**What you need to do**.
After finding the line that holds "Quiet. Jeny Smith" below, set down that line and the rest through the final one exactly, leaving the pictures out.

==*==

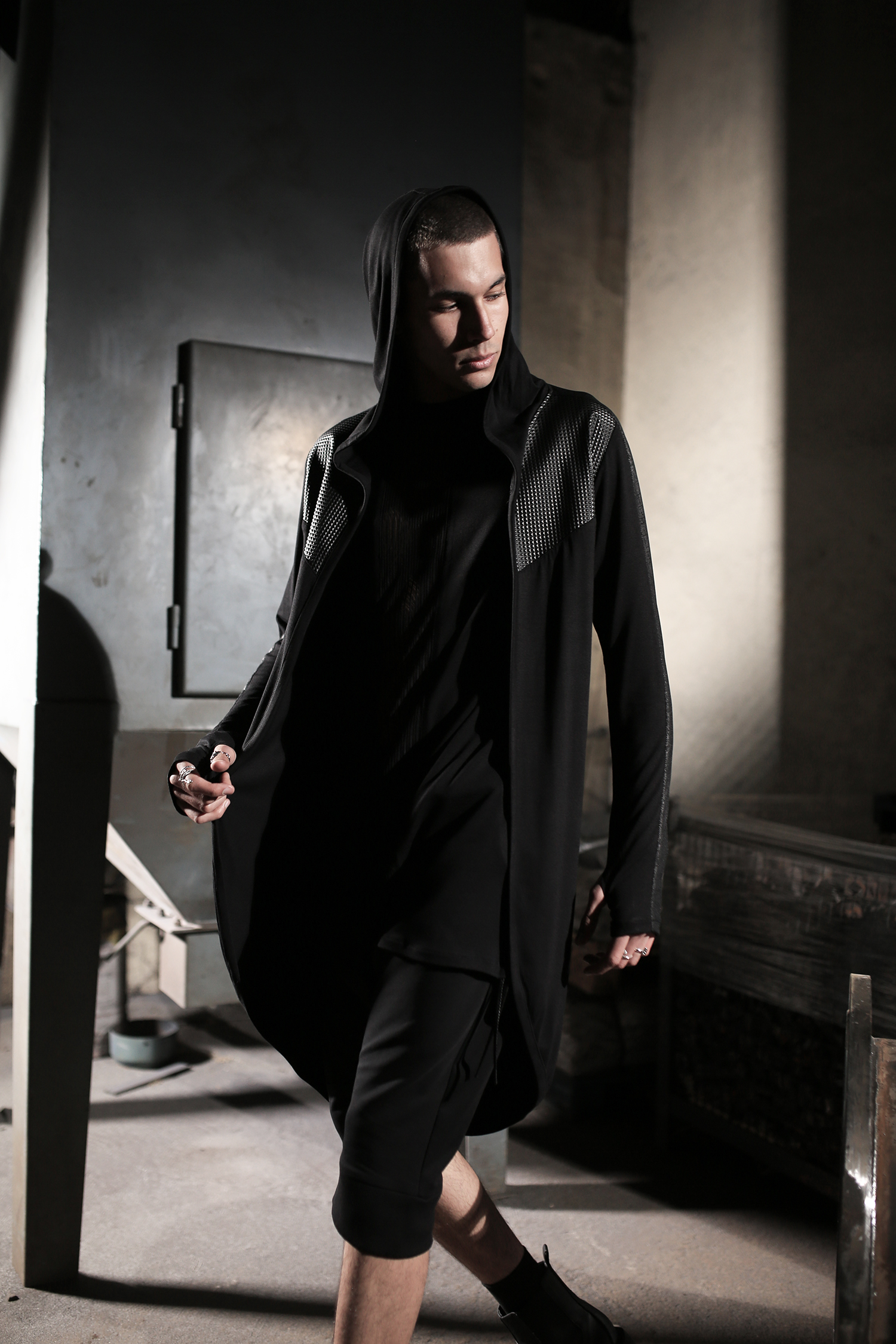 Asymmetric tunic made of high quality and soft thick viscose designed with faux leather. With pockets.
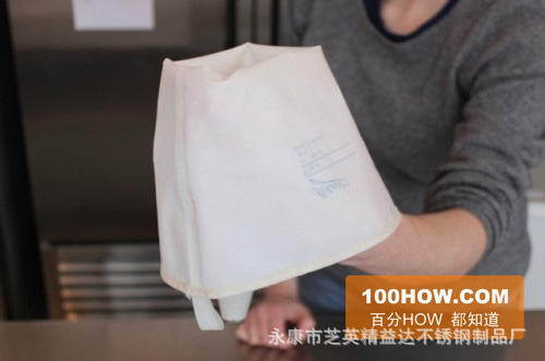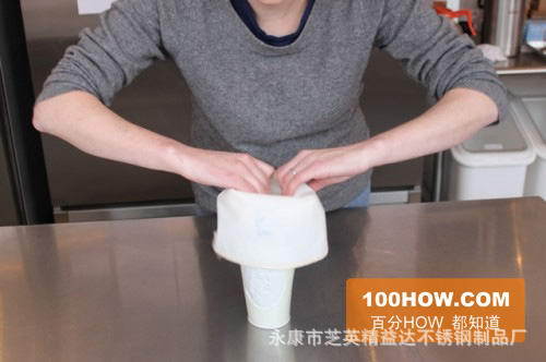 2.将管道袋的尖端向下放入马克杯或玻璃杯中,用手在管道袋的四个侧面上粘贴一个标签,然后将后部开口的边缘折叠到杯的外部,折叠高度几乎是管道袋的一半。现在您可以开始加糖了。
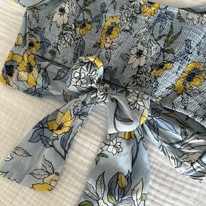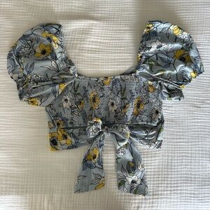 NWOT Band of Gypsies BOG Large Wrap Front Bow Cap Sleeve Blue Floral Crop Top
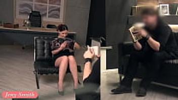 Quiet. Jeny Smith taunting a man without underwear. Office prank with hidden cameras
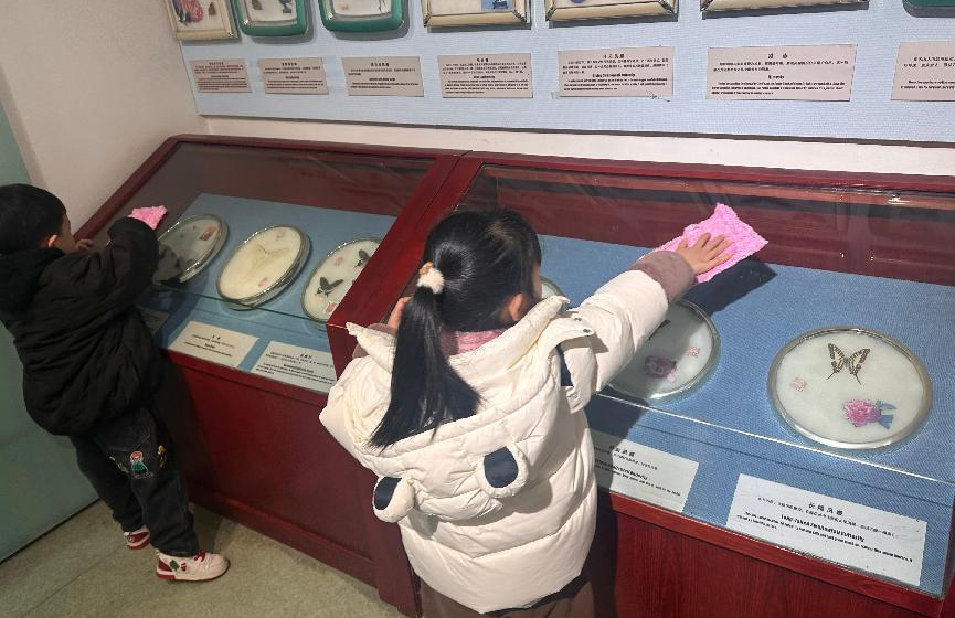 (校史馆蔡老师讲解校史、小朋友们打扫校史馆)
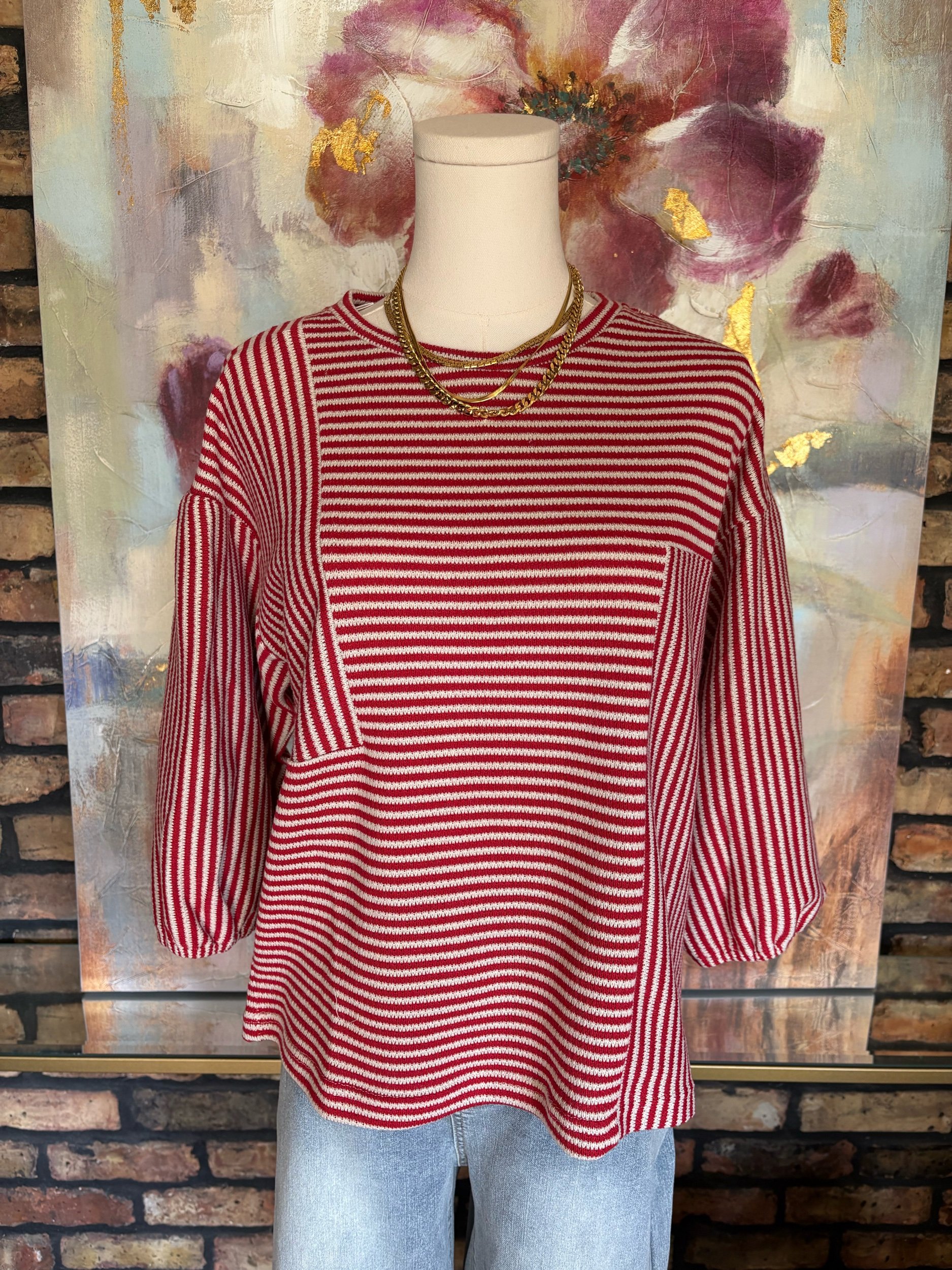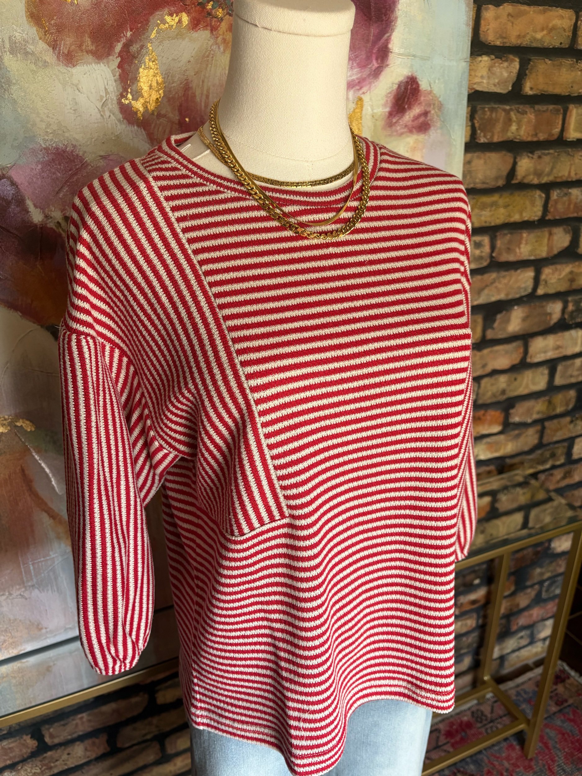 Cozy meets cool in this red + ivory striped knit that instantly gives effortless vibes. Designed with a modern patch panel detail and relaxed silhouette, this top offers a fresh take on classic stripes. The lightweight sweater material makes it perfect for year-round wear — warm enough for breezy days, yet breathable for everyday styling.

==*==

**Reply to the exercise**.
 Quiet. Jeny Smith taunting a man without underwear. Office prank with hidden cameras
 (校史馆蔡老师讲解校史、小朋友们打扫校史馆)
 Cozy meets cool in this red + ivory striped knit that instantly gives effortless vibes. Designed with a modern patch panel detail and relaxed silhouette, this top offers a fresh take on classic stripes. The lightweight sweater material makes it perfect for year-round wear — warm enough for breezy days, yet breathable for everyday styling.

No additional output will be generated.